As part of the Medical Research Council (MRC) Ely Study (Cambridgeshire, UK), members of a population-based cohort underwent objective PAEE measurements twice in the past [13]. This provided a unique opportunity to validate self-reported historical PA data against objective measurements of PAEE in the same individuals. We therefore sought to design and determine the validity of a novel, interviewer administered historical adulthood PA questionnaire (HAPAQ) against objective PAEE data collected up to 15 years ago.

Methods

Study participants

Participants were recruited from the MRC Ely Study [14, 15], a population-based prospective cohort study of the aetiology of type 2 diabetes and other metabolic disorders. The current mean age of the cohort is 65 years. Objective measurements of PAEE were taken from 394 members of this cohort at two separate time points, once between 1994 and 1996 (period 1) and again between 2000 and 2002 (period 2) (Figure 1). Of these, in December 2007, 197 individuals were ineligible for this study as they had previously declined further research participation, were currently recruited to another study or had died. Invitations were sent to the remaining individuals, of which 108 agreed to participate (55%). 100 attended for interview between December 2007 and March 2008. Ethical approval for the study was granted by the Cambridge Local Research Ethics Committee and all participants provided written informed consent.

Figure 1
figure 1

Study timeline. Objective measures of physical activity energy expenditure and delivery of HAPAQ.
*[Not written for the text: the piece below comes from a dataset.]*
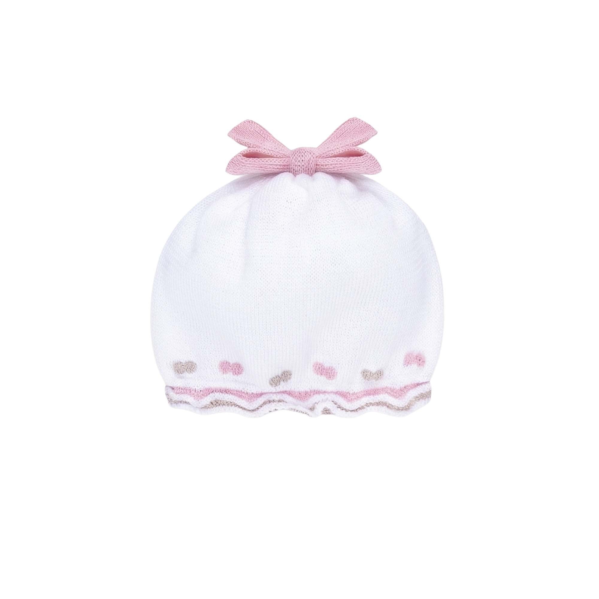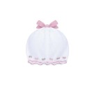 MARLU' Cappellino bianco con ricami rosa neonata
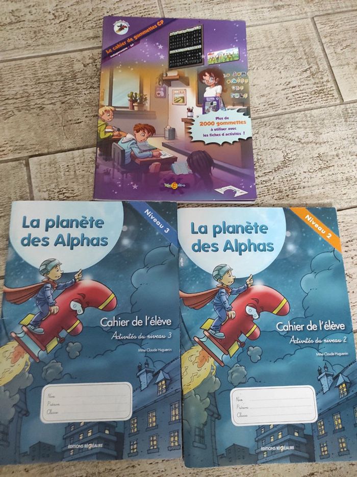 Lot de cahiers d'activités la planète des Alphas. En très bon état : à peine 2 pages écrites dans les cahiers d'activités. Manque la première planche de gommettes (chapitre 1) et le tout début du chapitre 2 dans le cahier de gommettes. Voir photos

Objective measurement of physical activity

Objective measurements of PAEE were obtained over four consecutive days during periods 1 and 2 using minute-by-minute heart rate (HR) monitoring with individual calibration [16]. The relationship between oxygen consumption and HR was determined for each individual by measuring expired oxygen concentration, ventilation and HR following 10 minutes of supine rest and during four stages of graded exercise intensity. A cycle ergometer was used during period 1 and a treadmill was used during period 2. Energy expenditure (kJ min-1) at each exercise intensity was calculated from oxygen consumption data. Subsequently, HR monitors were worn during the waking hours over a 4 day period. The resulting HR measurements were used to derive estimates of PAEE during that period according to the flex HR method, so as to adjust for the reduced accuracy of HR monitoring when estimating lower intensity PA [17, 18]. The flex HR was determined as the mean of the highest resting HR and lowest exercising HR measured during the fitness test [16]. For each minute the free-living measured HR exceeded the flex HR, the individual calibration data for the HR-oxygen consumption uptake were used to calculate PAEE. The percentage of time spent in vigorous PA (VPA) (≥ 6.5 METs) was calculated as the proportion of time during which HR was greater than 1.75 times the resting HR, guided by previous work [19].

Questionnaire design

HAPAQ was designed to collect data regarding total regular PA undertaken from the age of 20 years to their current age (see additional file 1). To do this, the questionnaire was divided into discrete time periods, starting with the most recent 15 years in three 5-year sections. Following this, questions regarding PA from the age of 20 years until the most recent 15 years were asked in 10-year sections. For each section, an identical set of closed questions were asked about PA in the domains of home, work, transport, sport (defined as strenuous sporting activities which make you breathless or cause noticeable sweating) and exercise (defined as less strenuous leisure activities). The nature, duration and frequency of regular activities recalled by the participant for each time period were recorded. Occupational activity was categorized according to the Modified Tecumseh Occupational Activity Questionnaire [20, 21]. Although participation in gardening, home and car maintenance (referred to as do it yourself or "DIY") and housework was documented, the durations of these activities were not as guided by previous work suggesting that recall of durations of unstructured activities correlates poorly with objective measurement of total PA [22, 23]. To improve question comprehension, flash cards were used to depict descriptive terms in a visual format. The questionnaire was designed in an electronic format to aid delivery and data management.

The HAPAQ interview

The questionnaire was delivered through face-to-face interviews to avoid interpretation errors, reduce incomplete data collection and to allow the application of cognitive interview techniques to improve recall [24]. All interviews were conducted by the same interviewer (CAH), with a maximum of 90 minutes allocated per interview. A life calendar, documenting the dates of important life events for the individual, such as marriage and child birth, was completed prior to the questionnaire, in order to aid recall.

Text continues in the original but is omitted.